:: WHAT YOU SHOULD DO ::
In the records that follow, find the line containing "La conferencia que" and the line containing "产品名称: 天研仪器 软胶囊弹性(硬度)测试仪", then transcribe both and every line between them exactly, omitting pictures.

:: SUPPLIED ENTRIES ::
* * *
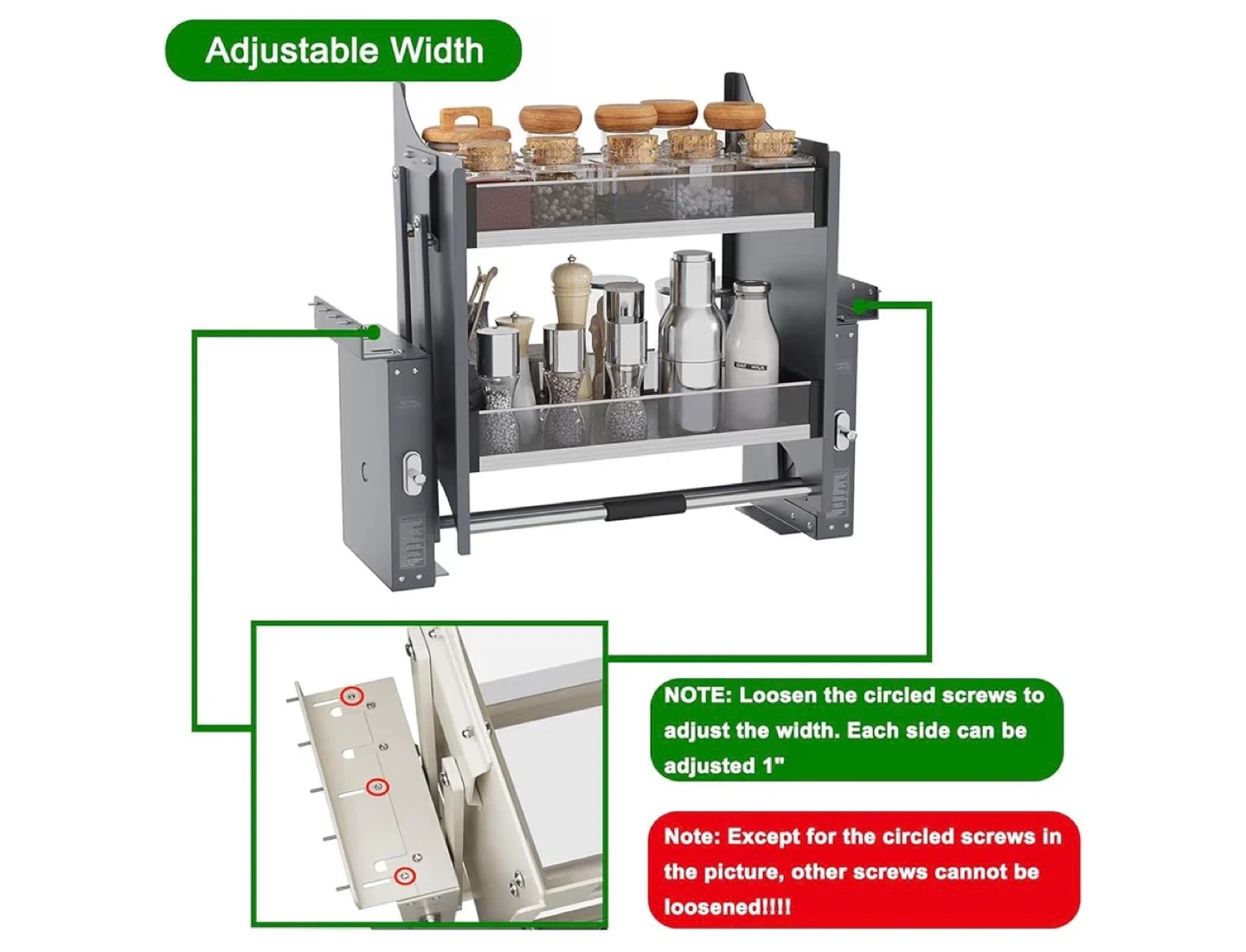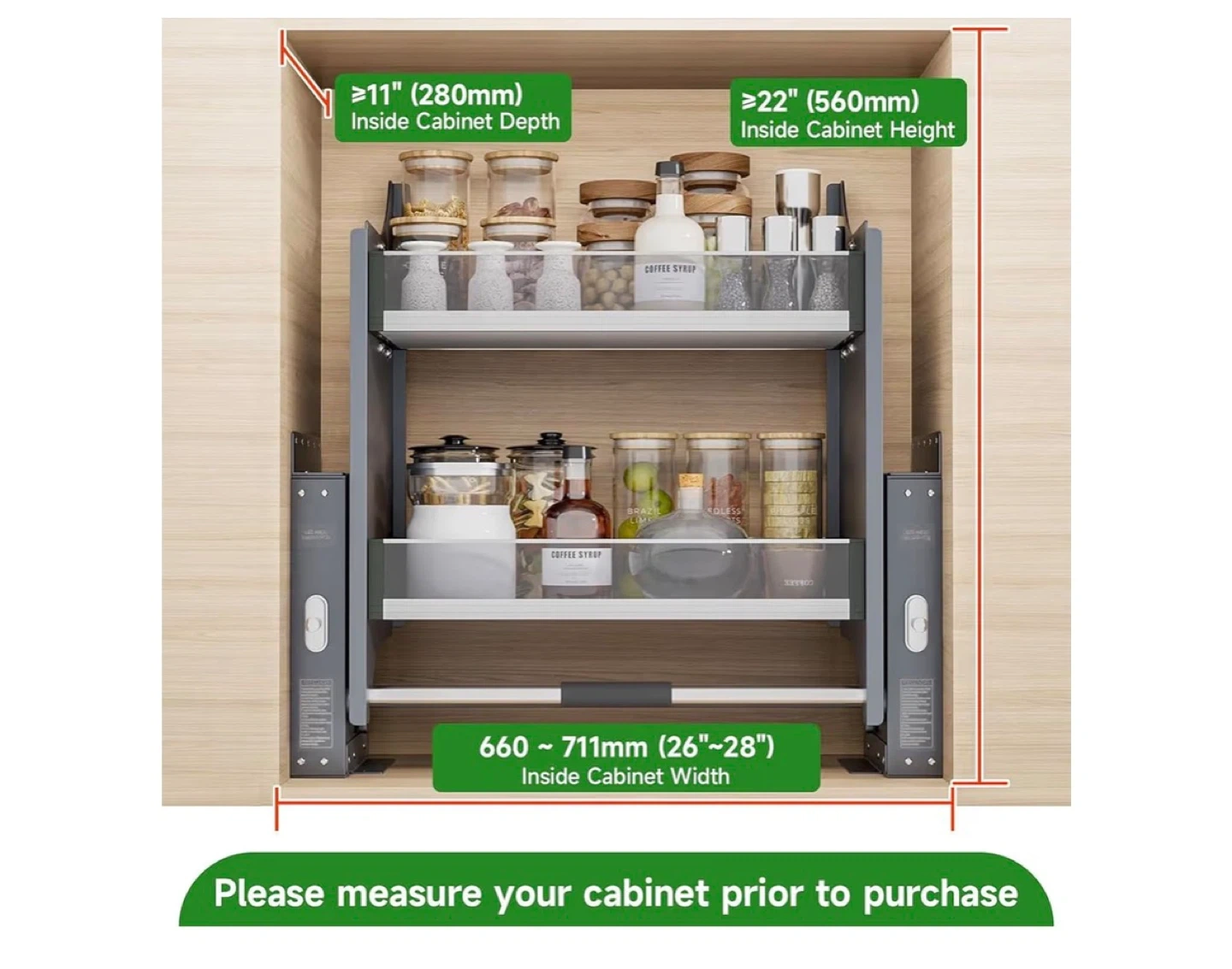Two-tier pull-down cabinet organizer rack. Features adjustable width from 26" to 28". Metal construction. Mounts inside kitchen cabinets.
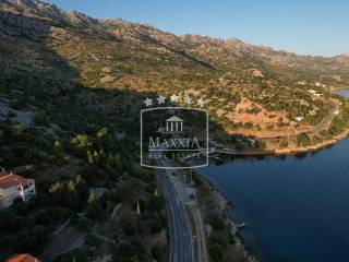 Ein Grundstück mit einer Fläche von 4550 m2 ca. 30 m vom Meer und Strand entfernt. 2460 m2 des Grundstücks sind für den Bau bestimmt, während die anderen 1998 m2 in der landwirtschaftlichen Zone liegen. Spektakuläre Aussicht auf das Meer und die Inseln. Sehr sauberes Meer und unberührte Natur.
* * *
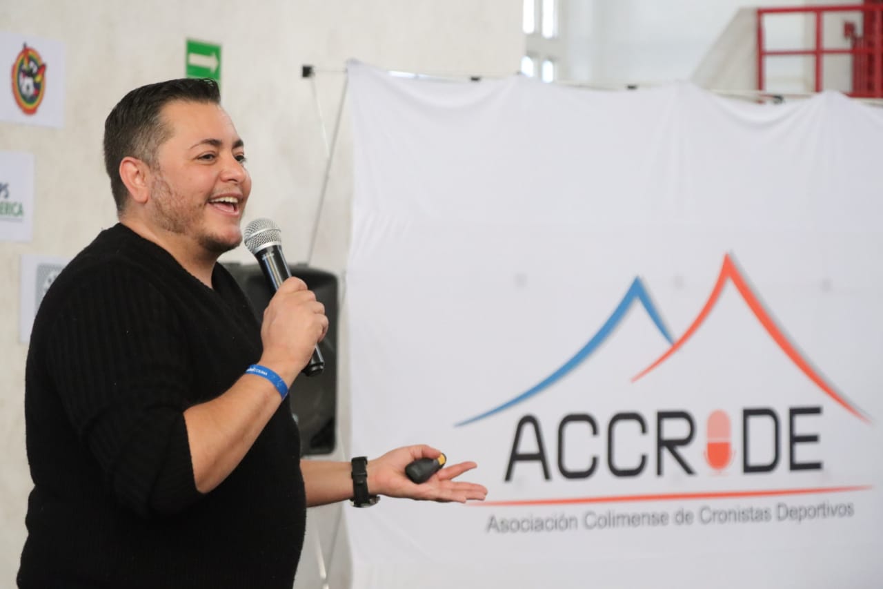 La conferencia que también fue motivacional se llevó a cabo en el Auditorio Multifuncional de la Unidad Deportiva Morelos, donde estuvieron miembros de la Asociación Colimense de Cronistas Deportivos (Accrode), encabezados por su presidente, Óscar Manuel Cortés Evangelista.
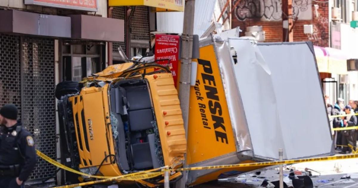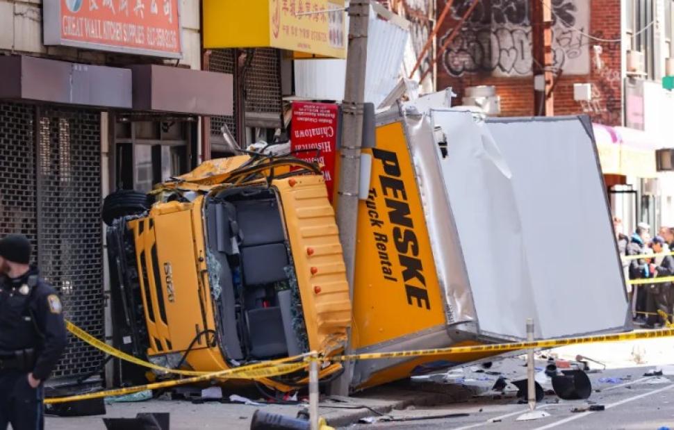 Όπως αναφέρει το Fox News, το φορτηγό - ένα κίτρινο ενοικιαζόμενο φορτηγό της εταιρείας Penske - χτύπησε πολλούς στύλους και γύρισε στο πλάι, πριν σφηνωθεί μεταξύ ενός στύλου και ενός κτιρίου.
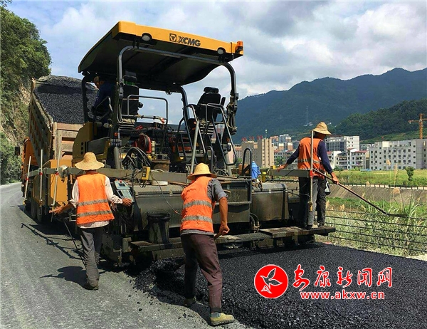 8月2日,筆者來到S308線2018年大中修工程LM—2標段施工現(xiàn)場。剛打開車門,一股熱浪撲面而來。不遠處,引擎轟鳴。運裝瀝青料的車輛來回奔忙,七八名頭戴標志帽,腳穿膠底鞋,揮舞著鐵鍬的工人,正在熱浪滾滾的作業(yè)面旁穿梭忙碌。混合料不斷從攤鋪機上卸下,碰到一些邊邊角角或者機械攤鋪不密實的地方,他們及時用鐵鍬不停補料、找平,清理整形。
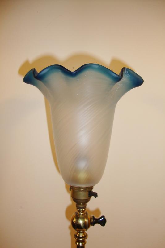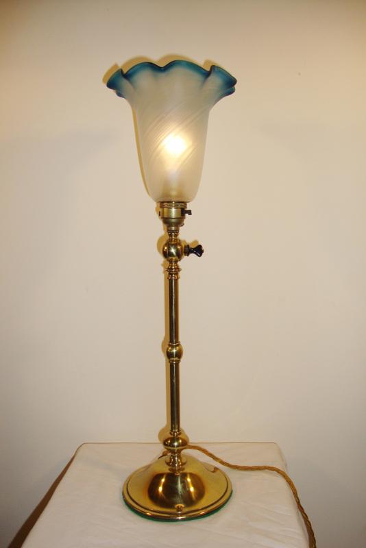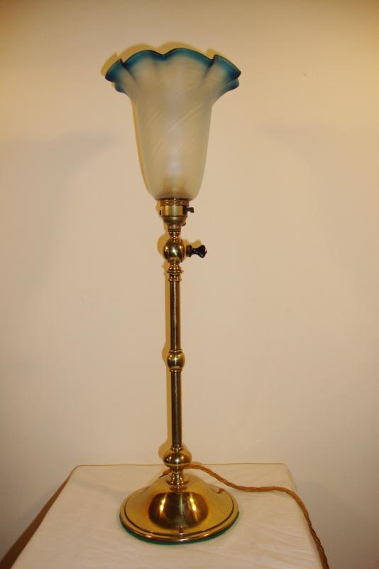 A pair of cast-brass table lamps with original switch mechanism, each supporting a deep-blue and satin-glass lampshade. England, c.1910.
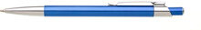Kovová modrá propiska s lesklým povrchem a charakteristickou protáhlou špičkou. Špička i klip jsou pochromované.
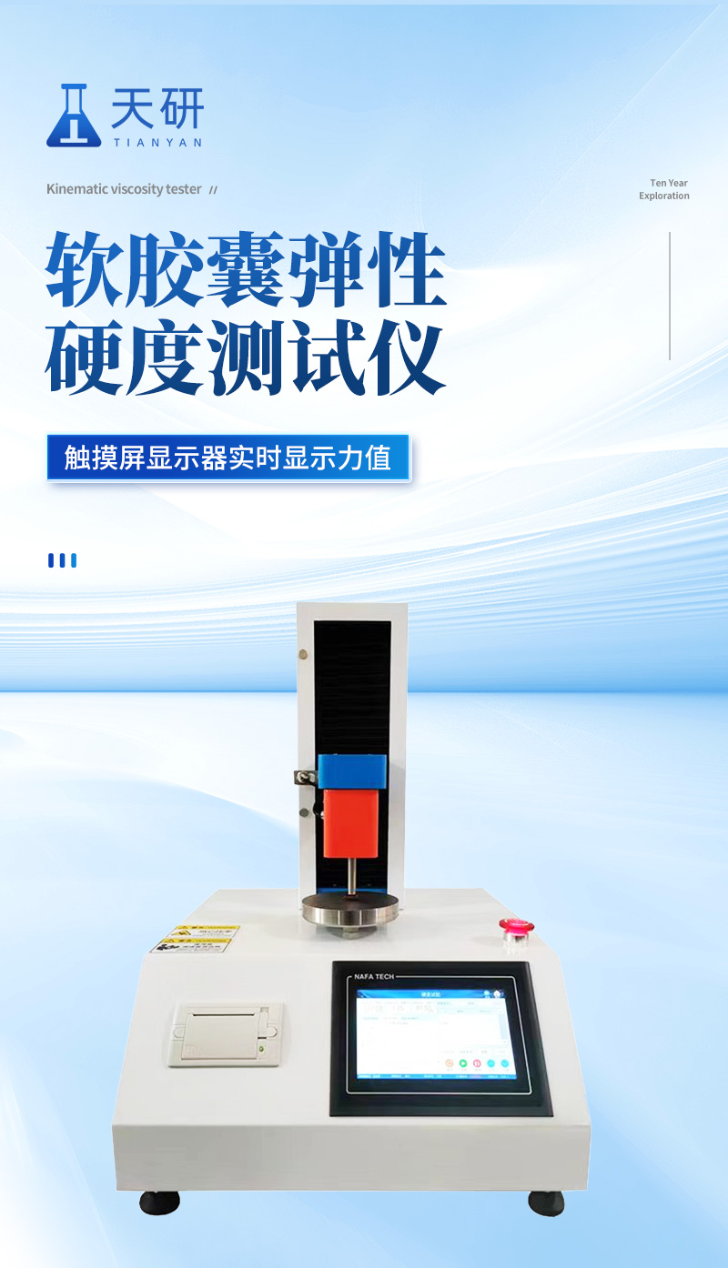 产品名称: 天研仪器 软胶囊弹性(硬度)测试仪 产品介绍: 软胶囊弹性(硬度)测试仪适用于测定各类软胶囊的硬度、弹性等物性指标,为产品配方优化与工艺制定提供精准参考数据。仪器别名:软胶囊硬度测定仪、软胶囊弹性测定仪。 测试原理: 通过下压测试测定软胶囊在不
* * *
:: YOUR SOLUTION ::
 La conferencia que también fue motivacional se llevó a cabo en el Auditorio Multifuncional de la Unidad Deportiva Morelos, donde estuvieron miembros de la Asociación Colimense de Cronistas Deportivos (Accrode), encabezados por su presidente, Óscar Manuel Cortés Evangelista.
 Όπως αναφέρει το Fox News, το φορτηγό - ένα κίτρινο ενοικιαζόμενο φορτηγό της εταιρείας Penske - χτύπησε πολλούς στύλους και γύρισε στο πλάι, πριν σφηνωθεί μεταξύ ενός στύλου και ενός κτιρίου.
 8月2日,筆者來到S308線2018年大中修工程LM—2標段施工現(xiàn)場。剛打開車門,一股熱浪撲面而來。不遠處,引擎轟鳴。運裝瀝青料的車輛來回奔忙,七八名頭戴標志帽,腳穿膠底鞋,揮舞著鐵鍬的工人,正在熱浪滾滾的作業(yè)面旁穿梭忙碌。混合料不斷從攤鋪機上卸下,碰到一些邊邊角角或者機械攤鋪不密實的地方,他們及時用鐵鍬不停補料、找平,清理整形。
 A pair of cast-brass table lamps with original switch mechanism, each supporting a deep-blue and satin-glass lampshade. England, c.1910.
Kovová modrá propiska s lesklým povrchem a charakteristickou protáhlou špičkou. Špička i klip jsou pochromované.
 产品名称: 天研仪器 软胶囊弹性(硬度)测试仪 产品介绍: 软胶囊弹性(硬度)测试仪适用于测定各类软胶囊的硬度、弹性等物性指标,为产品配方优化与工艺制定提供精准参考数据。仪器别名:软胶囊硬度测定仪、软胶囊弹性测定仪。 测试原理: 通过下压测试测定软胶囊在不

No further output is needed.